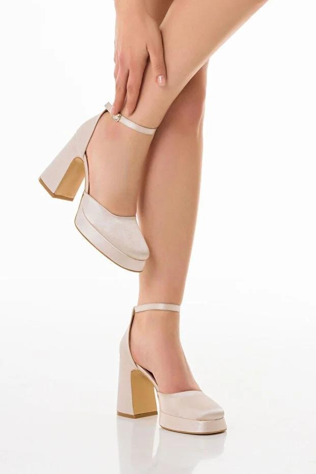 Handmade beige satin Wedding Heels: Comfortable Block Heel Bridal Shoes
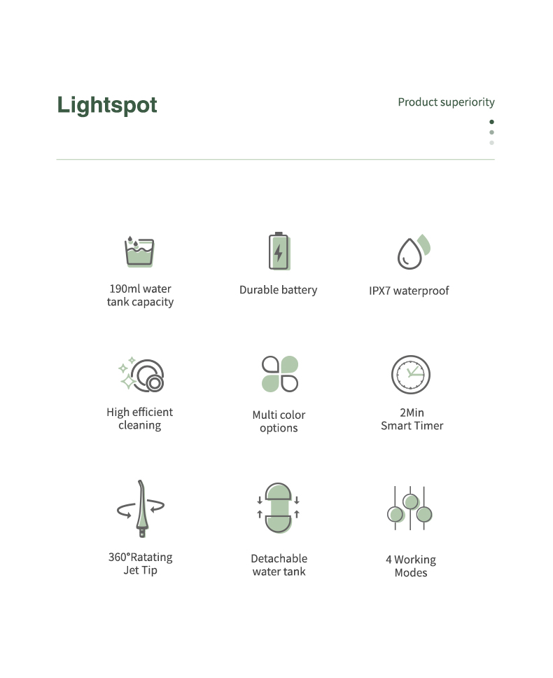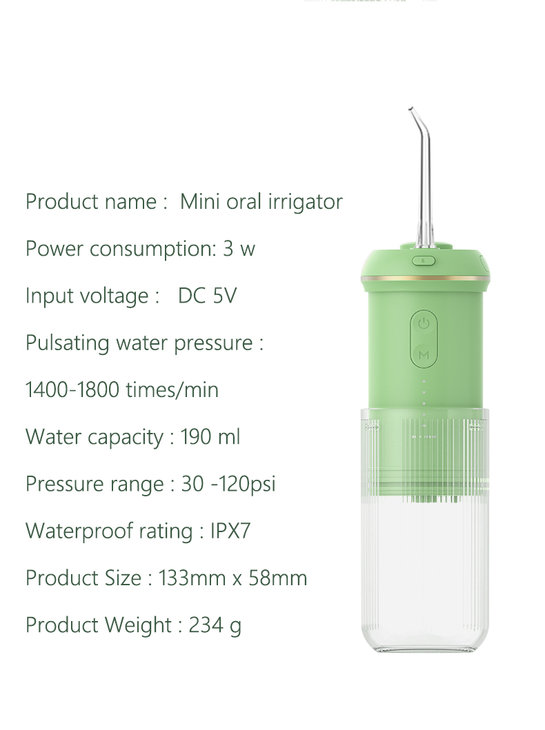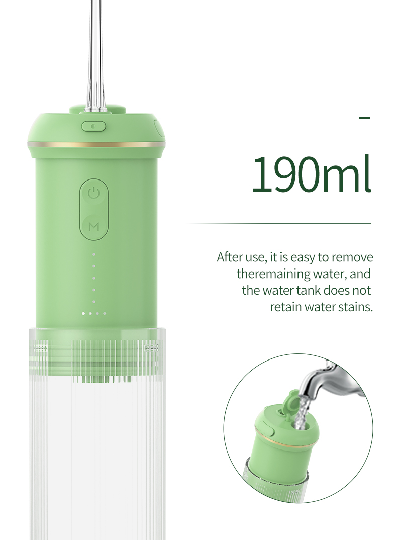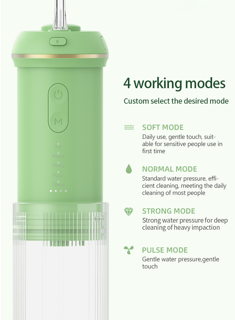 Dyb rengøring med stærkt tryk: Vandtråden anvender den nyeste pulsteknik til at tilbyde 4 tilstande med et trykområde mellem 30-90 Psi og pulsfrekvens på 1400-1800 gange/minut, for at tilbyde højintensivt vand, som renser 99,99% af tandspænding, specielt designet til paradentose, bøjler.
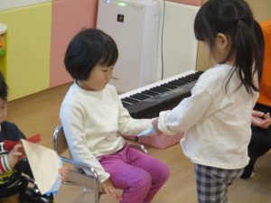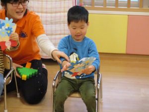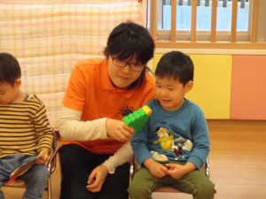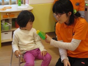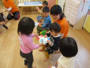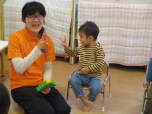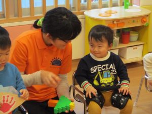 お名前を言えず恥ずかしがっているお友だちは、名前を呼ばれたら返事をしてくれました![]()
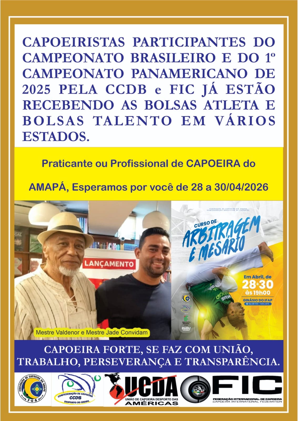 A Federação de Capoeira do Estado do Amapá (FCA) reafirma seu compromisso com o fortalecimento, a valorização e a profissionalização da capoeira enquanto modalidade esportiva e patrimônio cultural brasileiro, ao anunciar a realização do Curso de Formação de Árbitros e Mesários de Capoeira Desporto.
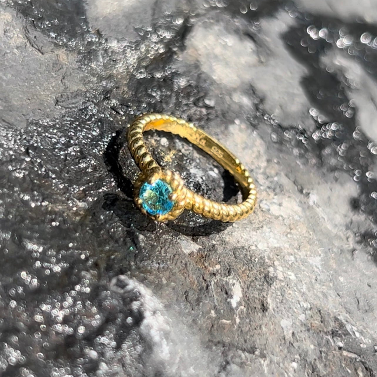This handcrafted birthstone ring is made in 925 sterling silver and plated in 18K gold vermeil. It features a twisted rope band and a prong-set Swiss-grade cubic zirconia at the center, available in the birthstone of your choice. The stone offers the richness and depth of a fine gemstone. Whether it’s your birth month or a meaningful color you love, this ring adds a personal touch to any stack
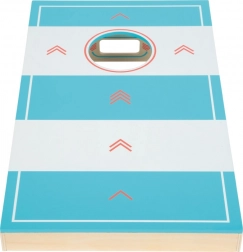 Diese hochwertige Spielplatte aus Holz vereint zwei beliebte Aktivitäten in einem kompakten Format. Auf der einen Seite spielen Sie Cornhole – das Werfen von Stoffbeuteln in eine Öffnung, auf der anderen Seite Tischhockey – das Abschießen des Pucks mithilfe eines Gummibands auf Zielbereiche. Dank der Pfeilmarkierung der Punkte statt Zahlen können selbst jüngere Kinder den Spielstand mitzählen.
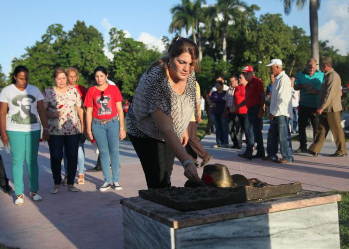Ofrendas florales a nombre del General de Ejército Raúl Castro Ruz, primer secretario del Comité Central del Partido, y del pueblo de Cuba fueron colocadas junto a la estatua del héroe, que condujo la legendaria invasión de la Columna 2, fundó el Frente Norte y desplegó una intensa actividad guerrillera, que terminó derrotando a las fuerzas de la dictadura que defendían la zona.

What is needed:
Leave out the pictures and retype the rest of the entries exactly.

Finished task:
 Handmade beige satin Wedding Heels: Comfortable Block Heel Bridal Shoes
 Dyb rengøring med stærkt tryk: Vandtråden anvender den nyeste pulsteknik til at tilbyde 4 tilstande med et trykområde mellem 30-90 Psi og pulsfrekvens på 1400-1800 gange/minut, for at tilbyde højintensivt vand, som renser 99,99% af tandspænding, specielt designet til paradentose, bøjler.
 お名前を言えず恥ずかしがっているお友だちは、名前を呼ばれたら返事をしてくれました![]()
 A Federação de Capoeira do Estado do Amapá (FCA) reafirma seu compromisso com o fortalecimento, a valorização e a profissionalização da capoeira enquanto modalidade esportiva e patrimônio cultural brasileiro, ao anunciar a realização do Curso de Formação de Árbitros e Mesários de Capoeira Desporto.
This handcrafted birthstone ring is made in 925 sterling silver and plated in 18K gold vermeil. It features a twisted rope band and a prong-set Swiss-grade cubic zirconia at the center, available in the birthstone of your choice. The stone offers the richness and depth of a fine gemstone. Whether it’s your birth month or a meaningful color you love, this ring adds a personal touch to any stack
 Diese hochwertige Spielplatte aus Holz vereint zwei beliebte Aktivitäten in einem kompakten Format. Auf der einen Seite spielen Sie Cornhole – das Werfen von Stoffbeuteln in eine Öffnung, auf der anderen Seite Tischhockey – das Abschießen des Pucks mithilfe eines Gummibands auf Zielbereiche. Dank der Pfeilmarkierung der Punkte statt Zahlen können selbst jüngere Kinder den Spielstand mitzählen.
Ofrendas florales a nombre del General de Ejército Raúl Castro Ruz, primer secretario del Comité Central del Partido, y del pueblo de Cuba fueron colocadas junto a la estatua del héroe, que condujo la legendaria invasión de la Columna 2, fundó el Frente Norte y desplegó una intensa actividad guerrillera, que terminó derrotando a las fuerzas de la dictadura que defendían la zona.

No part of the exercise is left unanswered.